Ok, I'm not a an MMX programmer.... (LONG)
here''s my problem:
I''ve been using an MMX alpha blend blitter routine written in MMX by some-else for a while now. But, what I have found out is that it doesn''t handle surface widths which are not multiple of 4 properly. Here is the code it uses:
i = height;
do
{
j = width/4;
// If you see two lines together this means that I am guessing that these two
// instructions will pair in the Pentium U & V pipes.
_asm
{
push edi ;Save off to restore later
push esi ;Save off to restore later
mov edi,lpDest ; Move the destination pointer into edi
mov esi,lpSprite ; Move the source pointer into esi
SPAN_RUN_565: movq mm7,[edi] ; Copy the 8 bytes pointed to by edi into mm7
movq mm6,[esi] ; Copy the 8 bytes pointed to by esi into mm6
movq mm2,ALPHA64 ; Copy ALPHA64 into mm2
movq mm0,mm7 ; RED - Copy mm7 to mm0, destination pixels
pand mm0,MASKRED ; RED - and mm0 with the red channel mask [0r00 0r00 0r00 0r00]

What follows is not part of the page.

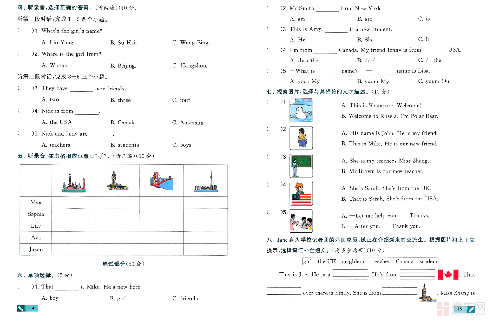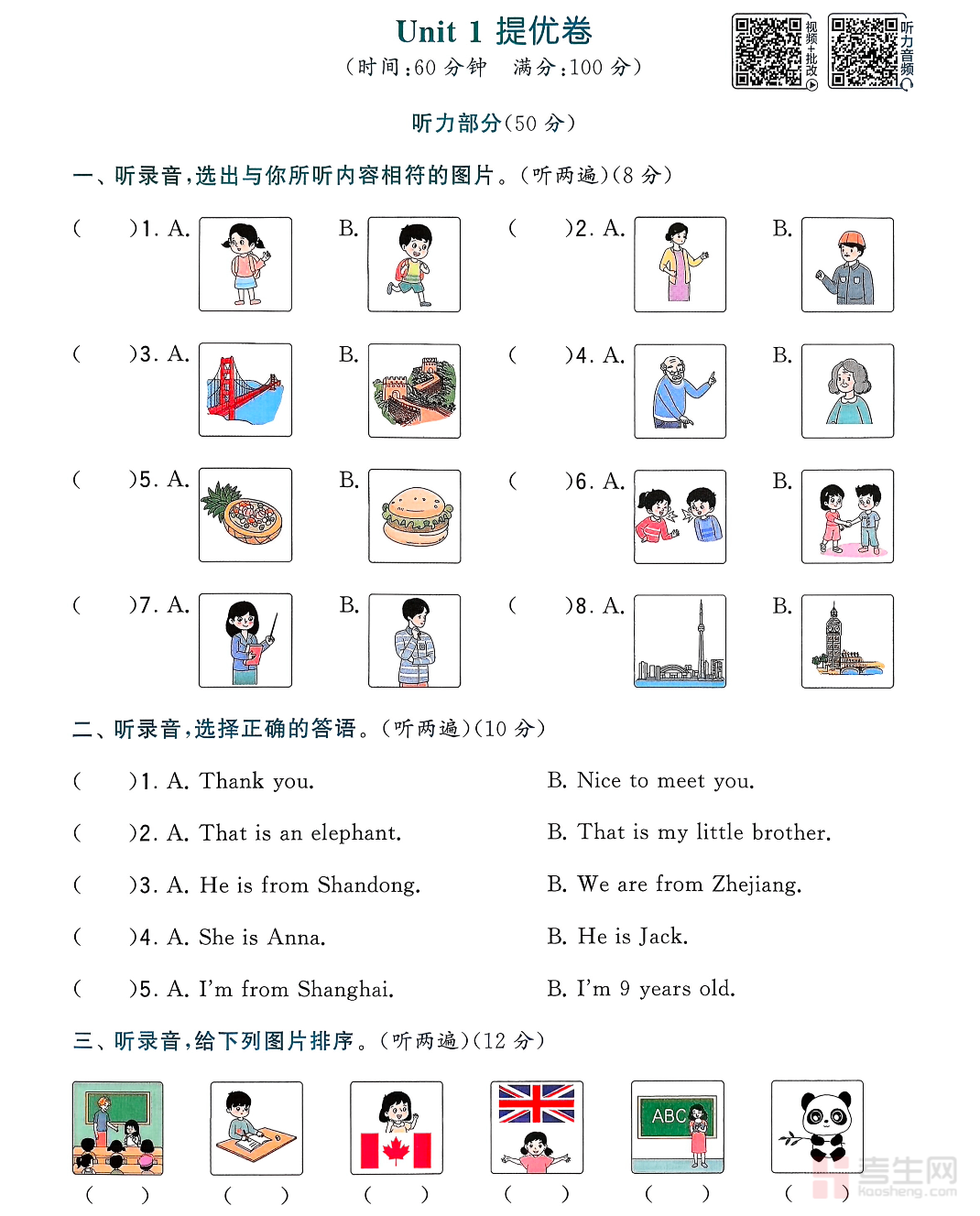26 春小学英语第一单元测试卷(人教版)(三年级下)同步人教版三年级下册英语教材第一单元知识点编写,贴合低年级英语考试要求,全面考查单词认读、词汇拼写、重点句型、情景对话、简单判断等基础内容,试卷题型丰富有趣、难度适中,着重夯实字母发音、单词记忆、句型运用、日常交际能力,兼顾趣味性与实用性。适合三年级学生单元自测、课堂检测、课后巩固、考前复习,快速检验学习成果,有效提升英语基础与应试能力。请添加微信 18617049513 进专属群,获取更多免费资源

movq mm1,mm6 ; RED - Copy mm6 to mm1, source pixels
pand mm1,MASKRED ; RED - and mm1 with red channel mask [0r00 0r00 0r00 0r00]
psrlw mm0,11 ; RED - shift each pixel to the right by 11 [000r 000r 000r 000r]
movq mm5,mm7 ; GRN - Copy destination pixels (mm7) to mm5
psrlw mm1,11 ; RED - shift each pixel to the right by 11 [000r 000r 000r 000r]
paddw mm1, ADD64
movq mm3,mm6 ; GRN - Copy source pixels (mm6) to mm3
psubsw mm1,mm0 ; RED - Subtract the destination from the source
pand mm5,MASKGREEN ; GRN - and mm5 with the green channel mask [00g0 00g0 00g0 00g0]
pmullw mm1,mm2 ; RED - multiple the subtraction result by the ALPHA value
pand mm3,MASKGREEN ; GRN - and mm3 with the green channel mask [00g0 00g0 00g0 00g0]
psrlw mm5,5 ; GRN - shift each pixel to the right by 5 [000g 000g 000g 000g]
psrlw mm3,5 ; GRN - Shift green source to the right by 5
nop ; Do nothing
paddw mm3, ADD64
psrlw mm1,8 ; RED - Divide by 256 this is done to avoid floating point math
psubsw mm3,mm5 ; GRN - Subtract the green source and destination components
pmullw mm3,mm2 ; GRN - Multiple the result from the subtraction by the alpha value
paddw mm1,mm0 ; RED - Add the destination red component value
psubw mm1, ALPHABY4
psllw mm1,11 ; RED - Shift the red component back into place, 11 to the left
movq mm0,mm7 ; BLU - Copy the destination pixels to mm0
pand mm0, MASKBLUE ; BLU - ''and'' mm0 with the blue channel mask [000b 000b 000b 000b]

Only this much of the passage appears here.